A recent study was conducted to examine the use of microsampling collection devices that allow patients to self-collect their capillary samples.3 The procedure requires minimal training, and can be conducted in a patient’s home or at a remote clinical site. The study’s findings indicate that most patients were at ease with self-collecting a capillary sample at home rather than going to a clinic, laboratory, or other phlebotomy collection site.

Remote monitoring for HbA1c

Compared to older methods, remote sampling and monitoring for HbA1c is convenient and saves time and costs. Most important, it has demonstrated effectiveness through improved outcomes for patients.

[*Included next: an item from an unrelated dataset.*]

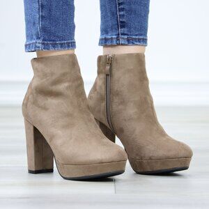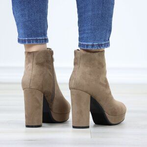 Platform Tan Suede Ankle Booties Block Heeled Boots

Scientists from Belgium’s Ghent University Hospital recently conducted a study in which they looked into the user-friendliness of various sampling techniques as well as the techniques patients preferred to use in the future.4 Remote and at-home sampling techniques, in which patients manage their blood samples by themselves, stood out as most popular. The future of remote monitoring for patients with diabetes opens new options and facilitates greater choice for people with diabetes and those who care for them.

Through such interventions as remote sampling, remote patient monitoring, and precision medicine, management of chronic illnesses could become a less taxing challenge for healthcare systems. The use of technology to implement cost-effective healthcare management is an increasingly realistic possible alternative for diabetes management.

REFERENCES

1. Tep S. 8 studies that prove the value of remote monitoring for diabetes.
2. Broderick JA. Point‐of‐care haemoglobin measurement – state of the art or a bleeding nuisance? Anaesthesia. 2015;70(11):1225-1229.
3. Jannetto P, Mbughuni M, Stevens M, et al. Capillary versus venous therapeutic drug monitoring of tacrolimus and cyclosporine A. Mayo Clinic poster presentation. 
4. Verougstraete N, Lapauw B, Van Aken S, Delanghe J, Stove C, Stove. V. Volumetric absorptive microsampling at home as an alternative tool for the monitoring of HbA1c in diabetes patients. Clin Chem Lab Med. 017;55(3):462-469.